Now a question may arise if from any dictionary key-value pair is less than other dictionaries.So in this case what happened.Let understand it with the help of an example.
import pandas as pd import numpy as np list_of_dict = [ {'Name': 'Mayank' , 'Age': 25, 'Marks': 91}, {'Name': 'Raj', 'Age': 21, 'Marks': 97}, {'Name': 'Rahul', 'Marks': 79}, {'Name': 'Manish' , 'Age': 23}, ] #create dataframe df=pd.DataFrame(list_of_dict) print(df)
Output
Age Marks Name
0 25.0 91.0 Mayank
1 21.0 97.0 Raj
2 NaN 79.0 Rahul
3 23.0 NaN Manish
Here we see in case of missing key value pair NaN value is there in the output.
-
Method 2- Create Dataframe from list of dictionary with custom indexes
Unlike the previous method where we have default indexes we can also give custom indexes by passes list of indexes in index parameter of pandas.DataFrame() function.Let see this with the help of an example.
import pandas as pd import numpy as np list_of_dict = [ {'Name': 'Mayank' , 'Age': 25, 'Marks': 91}, {'Name': 'Raj', 'Age': 21, 'Marks': 97}, {'Name': 'Rahul', 'Marks': 79}, {'Name': 'Manish' , 'Age': 23}, ] #create dataframe df=pd.DataFrame(list_of_dict,index=['a','b','c','d']) print(df)
Output
Age Marks Name
a 25.0 91.0 Mayank
b 21.0 97.0 Raj
c NaN 79.0 Rahul
d 23.0 NaN Manish
Here we see that instead of default index 1,2,3….. we have now indes a,b,c,d.
-
Method 3-Create Dataframe from list of dictionaries with changed order of columns
With the help of pandas.DataFrame() method we can easily arrange order of column by simply passes list ozf columns in columns parameter in the order in which we want to display it in our dataframe.Let see this with the help of example.
import pandas as pd import numpy as np list_of_dict = [ {'Name': 'Mayank' , 'Age': 25, 'Marks': 91}, {'Name': 'Raj', 'Age': 21, 'Marks': 97}, {'Name': 'Rahul', 'Age': 23, 'Marks': 79}, {'Name': 'Manish' , 'Age': 23, 'Marks': 86}, ] #create dataframe df=pd.DataFrame(list_of_dict,columns=['Name', 'Marks', 'Age']) print(df)
Output
Name Marks Age
0 Mayank 91 25
1 Raj 97 21
2 Rahul 79 23
3 Manish 86 23
Here also a question may arise if we pass less column in columns parameter or we pass more column in parameter then what happened.Let see this with the help of an example.
Case 1: Less column in column parameter
In this case the column which we don’t pass will be drop from the dataframe.Let see this with the help of an example.

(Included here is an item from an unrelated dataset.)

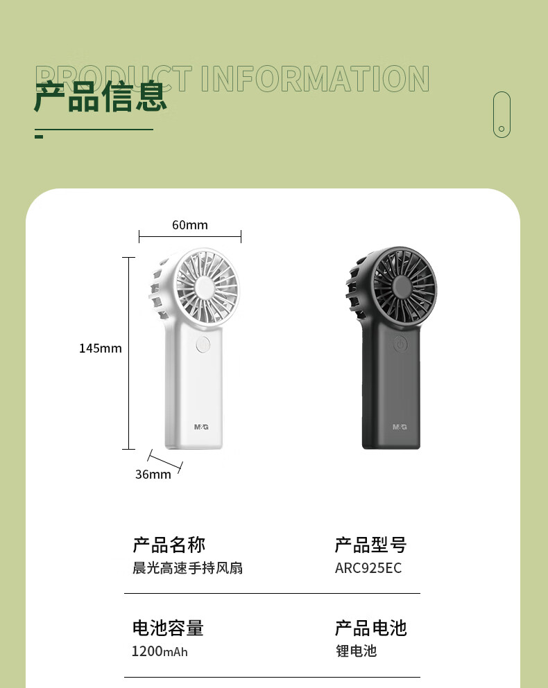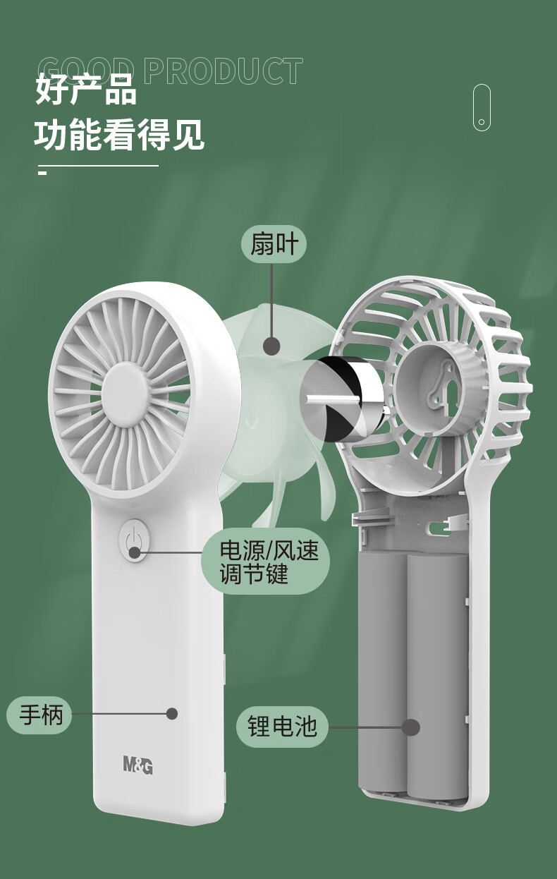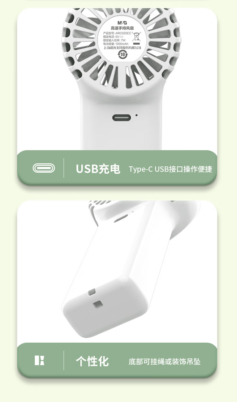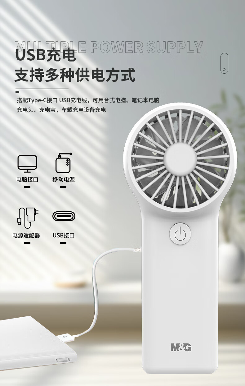 晨光(M&G)手持风扇 风扇小型迷你便携式手持小风扇 夏季便携式户外露营usb风扇 黑色ARC925ECA
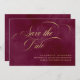Detta eleganta bröllop save the date-kort har virvlande modern kalligrafi i falskt guld, på en rik burgunderfärgad bakgrund.

import pandas as pd import numpy as np list_of_dict = [ {'Name': 'Mayank' , 'Age': 25, 'Marks': 91}, {'Name': 'Raj', 'Age': 21, 'Marks': 97}, {'Name': 'Rahul', 'Age': 23, 'Marks': 79}, {'Name': 'Manish' , 'Age': 23, 'Marks': 86}, ] #create dataframe df=pd.DataFrame(list_of_dict,columns=['Name', 'Marks']) print(df)
Output
Name Marks
0 Mayank 91
1 Raj 97
2 Rahul 79
3 Manish 86
Here we see that we didn’t pass Age column that’s why Age clumn is also not in our dataframe.
Case 2: More column in column parameter
In this case a new column will be added in dataframe but its all the value will be NaN.Let see this with the help of an example.
import pandas as pd import numpy as np list_of_dict = [ {'Name': 'Mayank' , 'Age': 25, 'Marks': 91}, {'Name': 'Raj', 'Age': 21, 'Marks': 97}, {'Name': 'Rahul', 'Age': 23, 'Marks': 79}, {'Name': 'Manish' , 'Age': 23, 'Marks': 86}, ] #create dataframe df=pd.DataFrame(list_of_dict,columns=['Name', 'Marks', 'Age','city']) print(df)
Output
Name Marks Age city
0 Mayank 91 25 NaN
1 Raj 97 21 NaN
2 Rahul 79 23 NaN
3 Manish 86 23 NaN
So these are the methods to create dataframe from list of dictionary in pandas.